Available data:
= Beginning of Section =

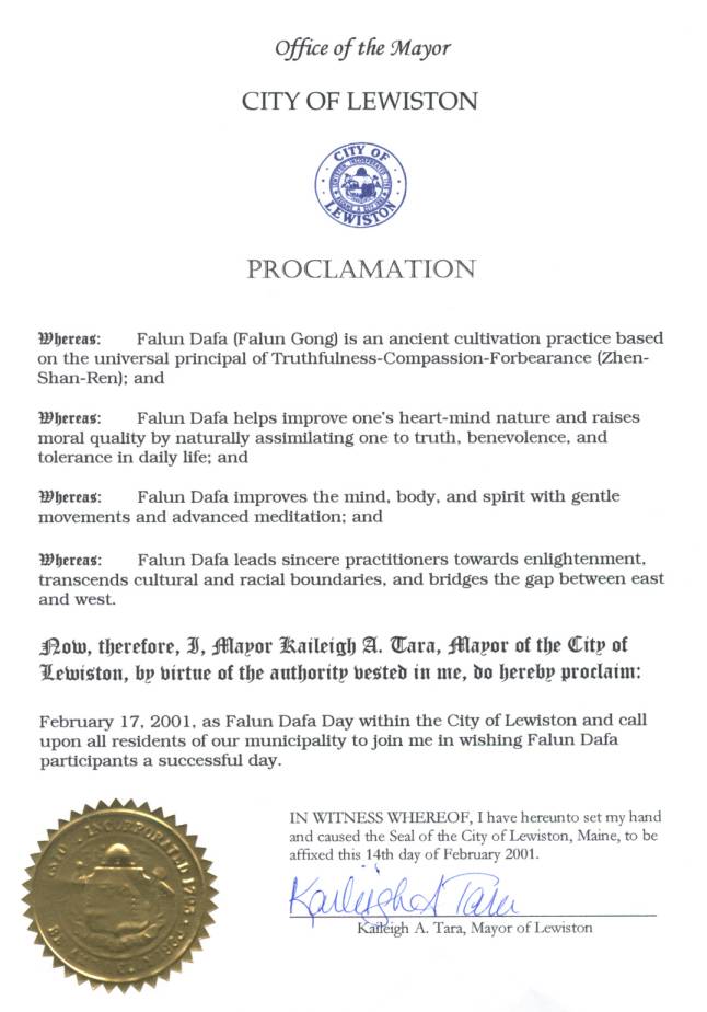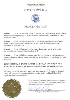 【明慧网2001年3月1日】 缅因州莱维斯顿市市长宣布2001年2月17日为“法轮大法日”
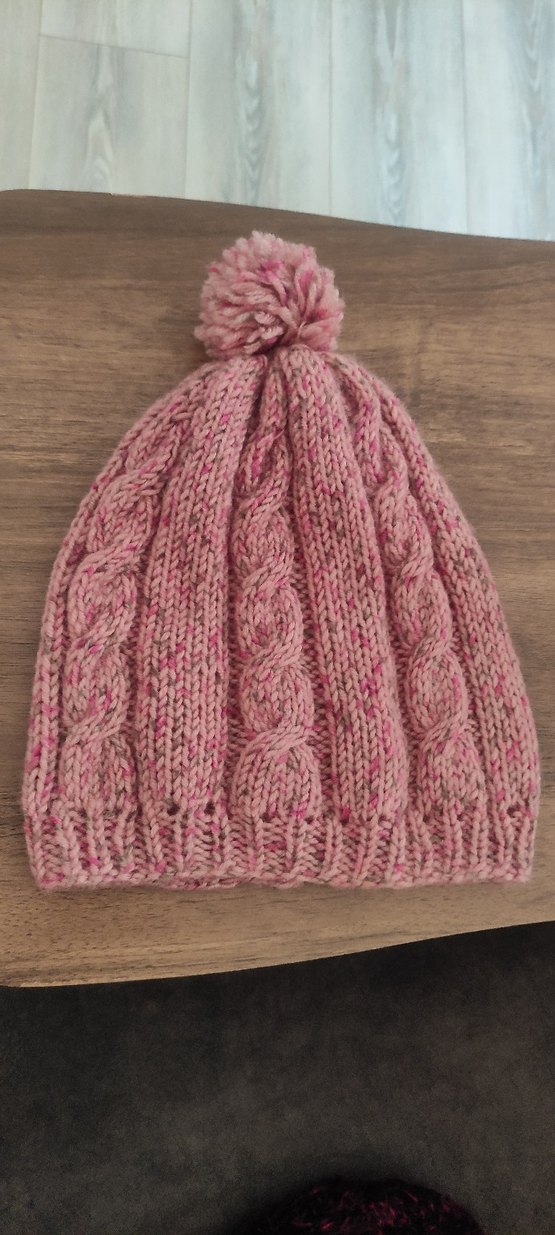 Pembe örgü kadın bere, örgülü desen ve üstte ponpon ile bohem pastel tarzda rahat bir görünüm sunar.
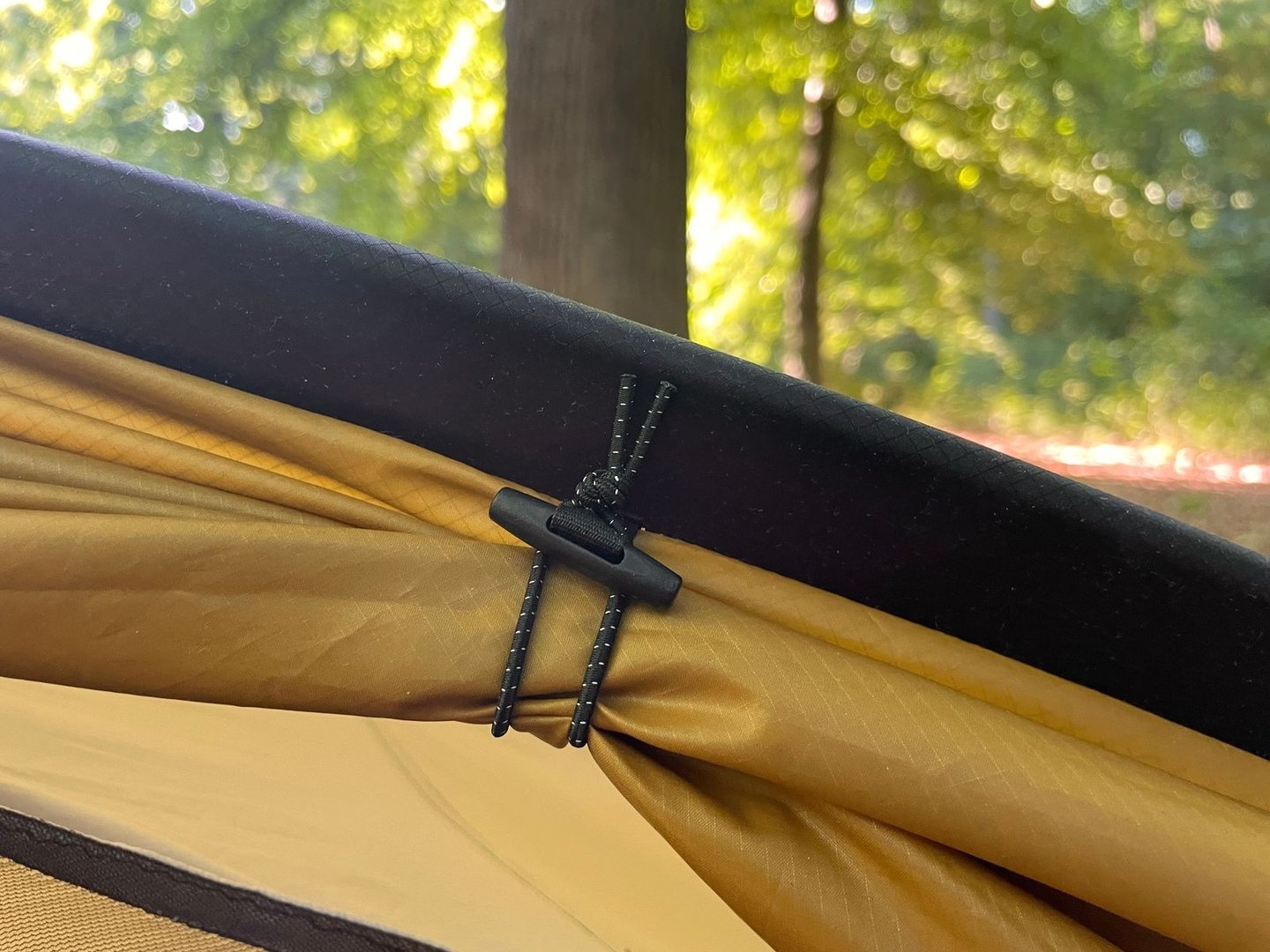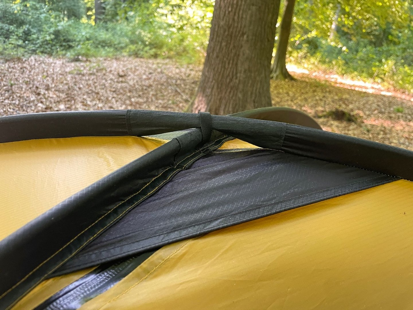 Das Problem wurde schlimmer, je länger die Stangen wurden. Also die Spannung ist dann im oberen Teil sehr stark, aber die Gestängeenden ziehen sich quasi Richtung Zeltmitte. Dadurch verliert der Saum komplett an Spannung. Ich muss zugeben, dass ich echt nicht verstanden habe, warum sich Clips da so anders verhalten.

= End of Section =

What you are asked to do: Repeat the material line for line. Pictures stay out of the copy.

Exercise response:
 【明慧网2001年3月1日】 缅因州莱维斯顿市市长宣布2001年2月17日为“法轮大法日”
 Pembe örgü kadın bere, örgülü desen ve üstte ponpon ile bohem pastel tarzda rahat bir görünüm sunar.
 Das Problem wurde schlimmer, je länger die Stangen wurden. Also die Spannung ist dann im oberen Teil sehr stark, aber die Gestängeenden ziehen sich quasi Richtung Zeltmitte. Dadurch verliert der Saum komplett an Spannung. Ich muss zugeben, dass ich echt nicht verstanden habe, warum sich Clips da so anders verhalten.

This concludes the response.